(RECORDS SUPPLIED begins)
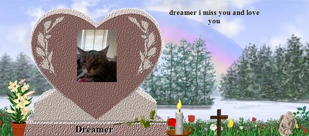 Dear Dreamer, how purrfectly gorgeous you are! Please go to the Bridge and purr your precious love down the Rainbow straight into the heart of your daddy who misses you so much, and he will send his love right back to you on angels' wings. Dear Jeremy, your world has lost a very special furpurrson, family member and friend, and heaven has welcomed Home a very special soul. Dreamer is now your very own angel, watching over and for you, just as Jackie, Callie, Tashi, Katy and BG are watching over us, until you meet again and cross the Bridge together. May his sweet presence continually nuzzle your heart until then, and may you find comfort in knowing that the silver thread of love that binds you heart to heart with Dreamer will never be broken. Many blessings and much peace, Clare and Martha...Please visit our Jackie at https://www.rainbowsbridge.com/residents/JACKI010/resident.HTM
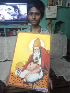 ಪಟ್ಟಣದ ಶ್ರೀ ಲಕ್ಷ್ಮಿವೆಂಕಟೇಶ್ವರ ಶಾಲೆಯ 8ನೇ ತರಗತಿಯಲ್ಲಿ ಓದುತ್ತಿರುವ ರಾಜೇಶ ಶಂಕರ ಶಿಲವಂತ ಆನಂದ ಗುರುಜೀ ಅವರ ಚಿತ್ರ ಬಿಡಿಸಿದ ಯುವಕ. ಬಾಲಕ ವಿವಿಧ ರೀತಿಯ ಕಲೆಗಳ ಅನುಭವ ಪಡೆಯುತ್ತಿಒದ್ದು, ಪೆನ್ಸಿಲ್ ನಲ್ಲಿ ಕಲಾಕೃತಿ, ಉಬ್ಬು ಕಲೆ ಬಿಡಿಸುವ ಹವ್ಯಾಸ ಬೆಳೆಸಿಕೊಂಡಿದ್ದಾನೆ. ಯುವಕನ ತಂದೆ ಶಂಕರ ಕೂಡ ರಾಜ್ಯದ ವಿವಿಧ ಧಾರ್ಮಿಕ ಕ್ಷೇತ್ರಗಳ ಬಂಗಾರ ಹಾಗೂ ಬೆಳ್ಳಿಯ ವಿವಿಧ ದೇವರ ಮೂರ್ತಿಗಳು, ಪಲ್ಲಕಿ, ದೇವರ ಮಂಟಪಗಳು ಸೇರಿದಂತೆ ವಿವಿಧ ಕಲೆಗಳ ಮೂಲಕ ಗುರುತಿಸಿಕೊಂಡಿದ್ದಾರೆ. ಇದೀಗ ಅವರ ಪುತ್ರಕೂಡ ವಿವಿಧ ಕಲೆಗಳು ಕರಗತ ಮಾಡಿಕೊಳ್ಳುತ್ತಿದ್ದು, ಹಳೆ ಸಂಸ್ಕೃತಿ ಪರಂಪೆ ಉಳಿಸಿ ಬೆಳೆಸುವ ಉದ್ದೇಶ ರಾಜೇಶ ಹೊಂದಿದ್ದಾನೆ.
(RECORDS SUPPLIED ends)
(RECORDS SUPPLIED begins)
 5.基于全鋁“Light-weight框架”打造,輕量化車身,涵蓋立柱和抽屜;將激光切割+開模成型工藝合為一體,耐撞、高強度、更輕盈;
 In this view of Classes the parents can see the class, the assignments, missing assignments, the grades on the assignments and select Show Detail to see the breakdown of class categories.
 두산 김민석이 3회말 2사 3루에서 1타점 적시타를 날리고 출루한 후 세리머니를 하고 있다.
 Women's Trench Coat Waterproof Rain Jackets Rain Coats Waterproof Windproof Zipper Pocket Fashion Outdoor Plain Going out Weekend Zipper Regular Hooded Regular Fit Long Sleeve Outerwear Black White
(RECORDS SUPPLIED ends)
▶ **EXERCISE DIRECTIONS**
Using the data above, reproduce exactly the lines between those holding "In this view" and "Women's Trench Coat", inclusive, and no others.

▶ **RESULT**
 In this view of Classes the parents can see the class, the assignments, missing assignments, the grades on the assignments and select Show Detail to see the breakdown of class categories.
 두산 김민석이 3회말 2사 3루에서 1타점 적시타를 날리고 출루한 후 세리머니를 하고 있다.
 Women's Trench Coat Waterproof Rain Jackets Rain Coats Waterproof Windproof Zipper Pocket Fashion Outdoor Plain Going out Weekend Zipper Regular Hooded Regular Fit Long Sleeve Outerwear Black White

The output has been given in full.